From caf7db4bc9bb0d11f582333ebd473b190e037228 Mon Sep 17 00:00:00 2001
From: Pointerbender <pointerbender@gmail.com>
Date: Tue, 4 Oct 2022 16:43:45 +0200
Subject: [PATCH] fix soundness hole in join macros add a miri regression test
 update failing tests (join sizes increased due to fix)

---
 futures-macro/src/join.rs           | 13 ++++++------
 futures/tests/async_await_macros.rs |  8 ++++----
 futures/tests/future_join.rs        | 32 +++++++++++++++++++++++++++++
 3 files changed, 43 insertions(+), 10 deletions(-)
 create mode 100644 futures/tests/future_join.rs

diff --git a/futures-macro/src/join.rs b/futures-macro/src/join.rs
index d427da27a0..94e356f729 100644
--- a/futures-macro/src/join.rs
+++ b/futures-macro/src/join.rs
@@ -38,6 +38,7 @@ fn bind_futures(fut_exprs: Vec<Expr>, span: Span) -> (Vec<TokenStream2>, Vec<Ide
                 // Move future into a local so that it is pinned in one place and
                 // is no longer accessible by the end user.
                 let mut #name = __futures_crate::future::maybe_done(#expr);
+                let mut #name = unsafe { __futures_crate::Pin::new_unchecked(&mut #name) };
             });
             name
         })
@@ -58,12 +59,12 @@ pub(crate) fn join(input: TokenStream) -> TokenStream {
     let poll_futures = future_names.iter().map(|fut| {
         quote! {
             __all_done &= __futures_crate::future::Future::poll(
-                unsafe { __futures_crate::Pin::new_unchecked(&mut #fut) }, __cx).is_ready();
+                #fut.as_mut(), __cx).is_ready();
         }
     });
     let take_outputs = future_names.iter().map(|fut| {
         quote! {
-            unsafe { __futures_crate::Pin::new_unchecked(&mut #fut) }.take_output().unwrap(),
+            #fut.as_mut().take_output().unwrap(),
         }
     });
 
@@ -96,17 +97,17 @@ pub(crate) fn try_join(input: TokenStream) -> TokenStream {
     let poll_futures = future_names.iter().map(|fut| {
         quote! {
             if __futures_crate::future::Future::poll(
-                unsafe { __futures_crate::Pin::new_unchecked(&mut #fut) }, __cx).is_pending()
+                #fut.as_mut(), __cx).is_pending()
             {
                 __all_done = false;
-            } else if unsafe { __futures_crate::Pin::new_unchecked(&mut #fut) }.output_mut().unwrap().is_err() {
+            } else if #fut.as_mut().output_mut().unwrap().is_err() {
                 // `.err().unwrap()` rather than `.unwrap_err()` so that we don't introduce
                 // a `T: Debug` bound.
                 // Also, for an error type of ! any code after `err().unwrap()` is unreachable.
                 #[allow(unreachable_code)]
                 return __futures_crate::task::Poll::Ready(
                     __futures_crate::Err(
-                        unsafe { __futures_crate::Pin::new_unchecked(&mut #fut) }.take_output().unwrap().err().unwrap()

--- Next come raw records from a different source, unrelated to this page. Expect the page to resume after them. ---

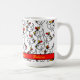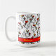 Diese personalisierte Kaffee-Tasse ist das ideale Geschenk für jemanden, der Hühner mag! Es zeigt ein Muster von komisch gezeichnet Cartoon-Hühnern in Rot, Gelb, Orange und Schwarz auf weißem Hintergrund. Der bearbeitbare Text erlaubt es Ihnen, ihn mit Namen oder Nachrichten, die Sie wünschen, anzupassen.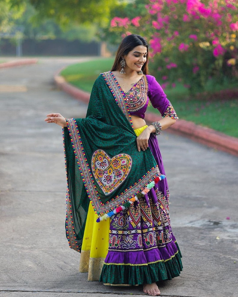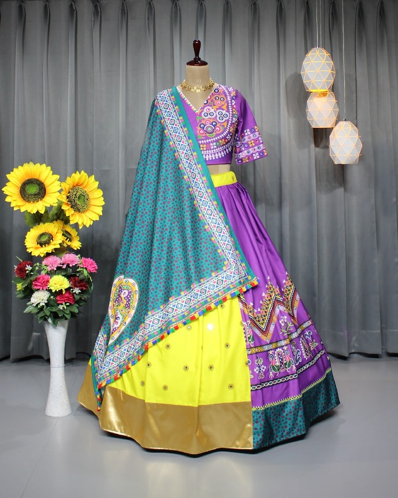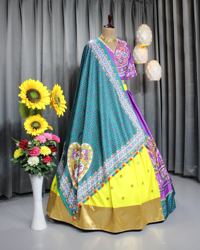 Glamorous Heavy Flair Lehenga Choli Set, Fancy Digital Prints & Real Mirror Work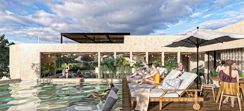 En el roof top se encuentra la amplitud y apertura que se necesita para poder disfrutar de un momento de relajación y diversión. Manteniendo espacios destinados a la convivencia con un área grillpara pasar las tardes y una alberca donde tomar el sol, se genera un espacio idóneo para disfrutar del ambiente que Tulum ofrece.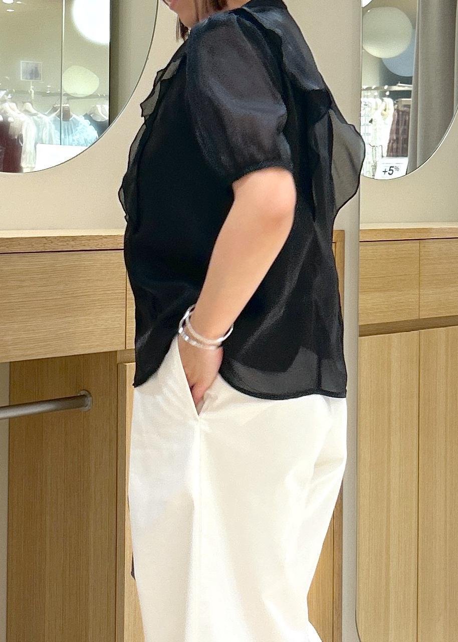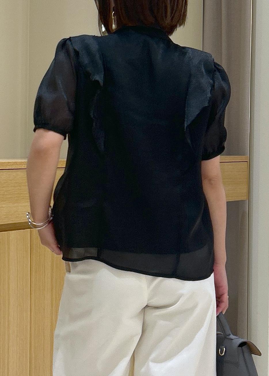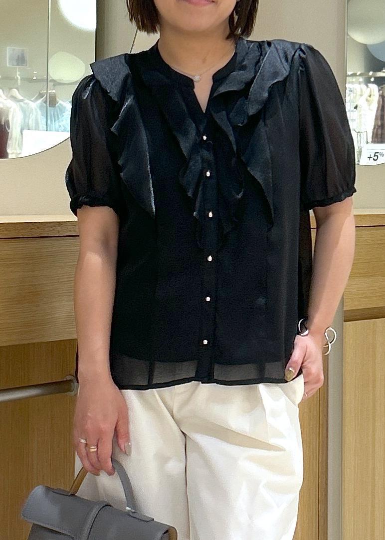 アウトレットVIS【洗える】シアーラッフルフリル半袖ブラウスブラック / F¥4,391レビューシアーフリルが華やかなブラウスです。

+                        #fut.as_mut().take_output().unwrap().err().unwrap()
                     )
                 );
             }
@@ -118,7 +119,7 @@ pub(crate) fn try_join(input: TokenStream) -> TokenStream {
             // an `E: Debug` bound.
             // Also, for an ok type of ! any code after `ok().unwrap()` is unreachable.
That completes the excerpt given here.